- _Action item_:
Among the lines below, copy exactly those from the one with "To open a port" through the one with "Antiallergén nemesacél arany", counting both ends.

- _Data supplied_:

"""

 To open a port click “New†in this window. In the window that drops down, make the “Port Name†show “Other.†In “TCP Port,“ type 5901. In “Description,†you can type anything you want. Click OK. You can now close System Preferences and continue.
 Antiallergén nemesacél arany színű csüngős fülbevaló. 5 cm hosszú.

"""
"""

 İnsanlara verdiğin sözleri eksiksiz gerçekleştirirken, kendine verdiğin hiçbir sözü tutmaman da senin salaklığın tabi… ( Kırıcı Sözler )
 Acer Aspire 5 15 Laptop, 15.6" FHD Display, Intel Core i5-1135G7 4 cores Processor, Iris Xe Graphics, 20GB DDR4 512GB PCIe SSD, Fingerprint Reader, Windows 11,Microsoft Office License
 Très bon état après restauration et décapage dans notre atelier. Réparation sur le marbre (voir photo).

"""

- _Result below_:
 To open a port click “New†in this window. In the window that drops down, make the “Port Name†show “Other.†In “TCP Port,“ type 5901. In “Description,†you can type anything you want. Click OK. You can now close System Preferences and continue.
 Antiallergén nemesacél arany színű csüngős fülbevaló. 5 cm hosszú.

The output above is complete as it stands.